Gatto has made a serious accusation, but having fought in the trenches for 30 years as a public school teacher, he has earned the right to be taken seriously. His message is pertinent and urgent, for we are now reaping the bitter harvest of a sociological experiment conceived and financed by a small group of very wealthy and powerful men more than 100 years ago, and executed by academics who founded schools of education at major universities and through them inculcated in American teachers the attitudes and skills to dumb down American students. Since parents could not be expected to acquiesce in the dumbing down of their children, they foisted this project upon the American public by stealth. The Progressive Era, admirable in so many ways, had already prepared Americans to accept as authoritative the pronouncements of experts on a variety of subjects the average person was not supposed to understand. Parents, not considered experts on early education, were not consulted as to whether they wanted their children to participate. Compulsory schooling was not the subject of public debate, but nevertheless became the policy of this nation shortly after the First World War.
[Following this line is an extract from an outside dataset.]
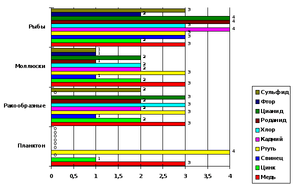 Основными неорганическими (минеральными) загрязнителями пресных и морских вод являются разнообразные химические соединения, токсичные для обитателей водной среды. Это соединения мышьяка, свинца, кадмия, ртути, хрома, меди, фтора. Большинство из них попадает в воду в результате человеческой деятельности. Тяжелые металлы поглощаются фитопланктоном, а затем передаются по пищевой цепи более высокоорганизованным организмам. Токсический эффект некоторых наиболее распространенных загрязнителей гидросферы представлен на рисунке 2:
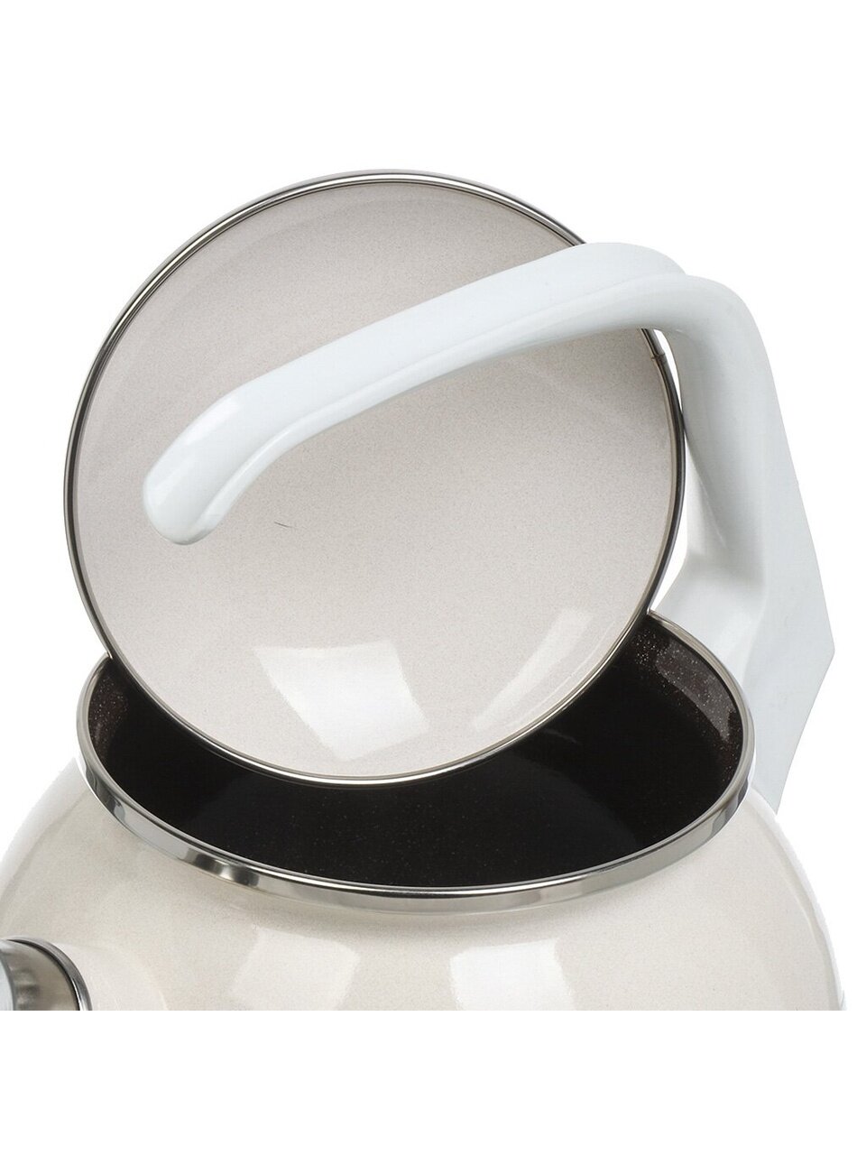 Чайник выполнен из высококачественной стали с эмалированным покрытием, что обеспечивает долговечность и устойчивость к повреждениям. Объем 2.5 литра позволяет приготовить достаточное количество горячих напитков для всей семьи или компании друзей. Удобная пластиковая ручка и наличие кнопки для открытия носика делают использование чайника простым и безопасным.

Gatto tells us that contemporary compulsory schooling is a scam. The schools, contrary to what we are told, are not failing; on the contrary, they are doing precisely what they were intended to do. From the view of a small group of highly influential and powerful tycoons and their academic henchmen who created the system from the 1890s through the 1920s, the modern public school is an unblemished success.

He brings an impressive array of documentary evidence, from the ponderous Report of the Senate Committee on Education (1888) (“We believe that education is one of the principal causes of discontent of late years manifesting itself among the laboring classes”), to James Bryant Conant’s The American High School Today (1959), that promoted the creation of huge secondary schools with thousands of students.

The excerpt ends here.